19. Fasoracetam para el uso según cualquiera de las reivindicaciones 15 a 18, donde la prueba genética no evalúa las CNV en uno o más de GRM1, GRM2, GRM3, GRM4, GRM5, GRM6, GRM7 o GRM8.
20. Fasoracetam para el uso según cualquiera de las reivindicaciones anteriores, donde tratar el TDAH en el sujeto comprende reducir al menos un síntoma de TDAH en el sujeto, tal como la falta de atención, la hiperactividad o la impulsividad.

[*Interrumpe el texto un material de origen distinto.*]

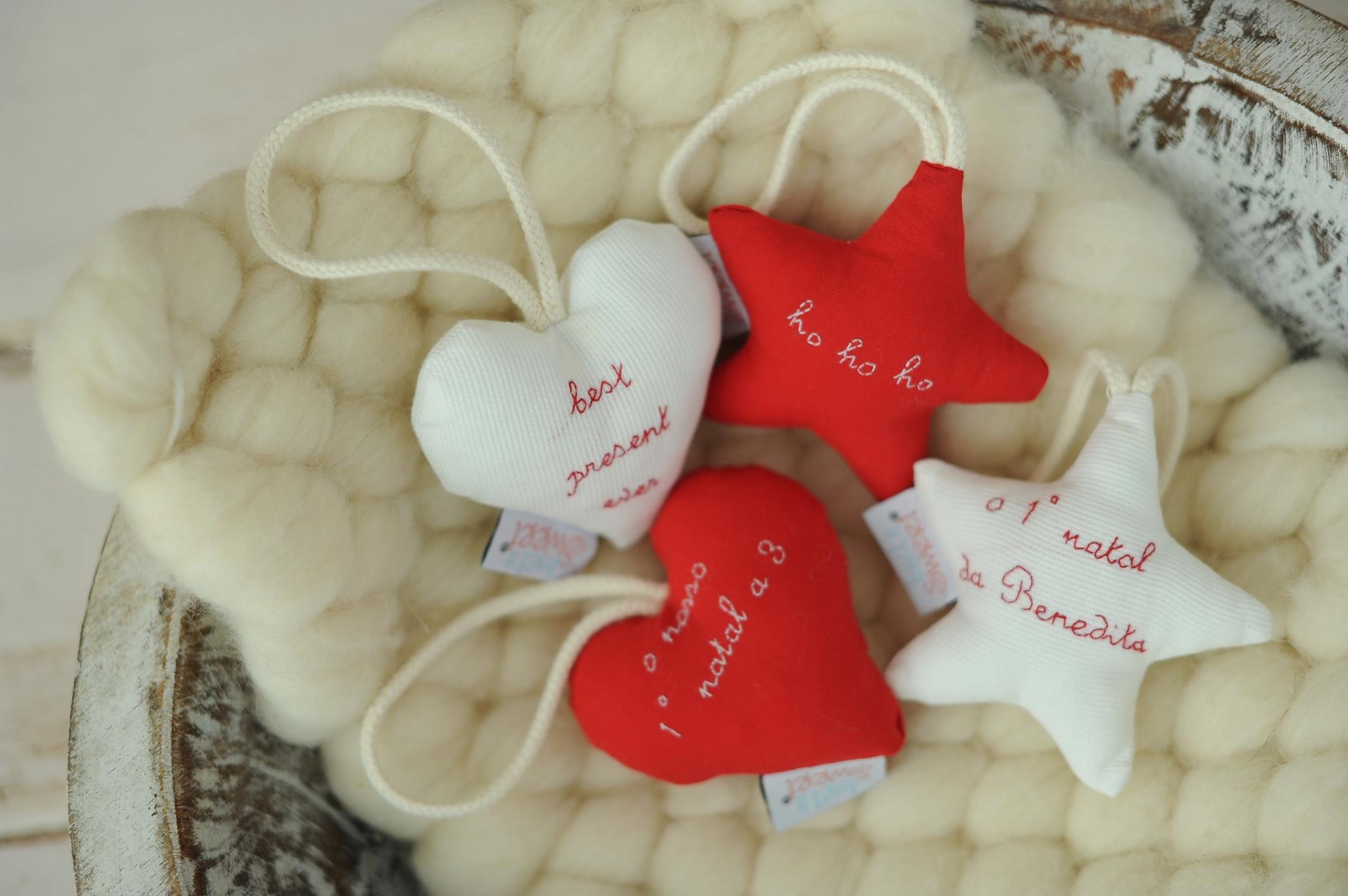 Em forma de estrela ou coração, nas cores vermelho ou branco, com a personalização que preferir. Basta indicar a frase que prefere nas opções.

21. Fasoracetam para el uso según cualquiera de las reivindicaciones anteriores, donde el sujeto tiene uno o más de los siguientes cambios en los síntomas después de al menos una, dos, tres o cuatro semanas de tratamiento con dicho fasoracetam:
a. el sujeto tiene síntomas de dificultad para controlar la ira y los síntomas de control de la ira se reducen; b. el sujeto tiene síntomas de comportamiento disruptivo y los síntomas del comportamiento disruptivo se reducen; c. la puntuación CGI-I (impresión clínica general - mejora) del sujeto se reduce en al menos 1 o al menos 2; d. la puntuación CGI-I del sujeto después de una, dos, tres o cuatro semanas de tratamiento es 1 o 2;
e. la puntuación CGI-S (impresión clínica general - gravedad) del sujeto después de una, dos, tres o cuatro semanas de tratamiento es 1;
f. la puntuación de la escala de calificación del TDAH del sujeto se reduce en al menos el 25 %, como por lo menos el 30 %, por lo menos el 35 % o al menos el 40 %;
g. el sujeto tiene síntomas de falta de atención y los síntomas de falta de atención se reducen;
h. el sujeto tiene síntomas de hiperactividad y los síntomas de hiperactividad se reducen;
i. el sujeto tiene síntomas de impulsividad y los síntomas de impulsividad se reducen;
j. el sujeto tiene síntomas de TND como ira e irritabilidad, discusión y desafío, y/o actitudes vengativas, y los síntomas del TND se reducen;
k. el sujeto tiene síntomas de trastorno de la conducta y los síntomas del trastorno de la conducta se reducen; l. el sujeto tiene síntomas de ansiedad y los síntomas de ansiedad se reducen;
m. el sujeto tiene síntomas del síndrome de Tourette y los síntomas del síndrome de Tourette se reducen; n. el sujeto tiene síntomas de autismo y los síntomas del autismo se reducen;
o. el sujeto tiene síntomas de trastorno del movimiento y los síntomas del trastorno del movimiento se reducen.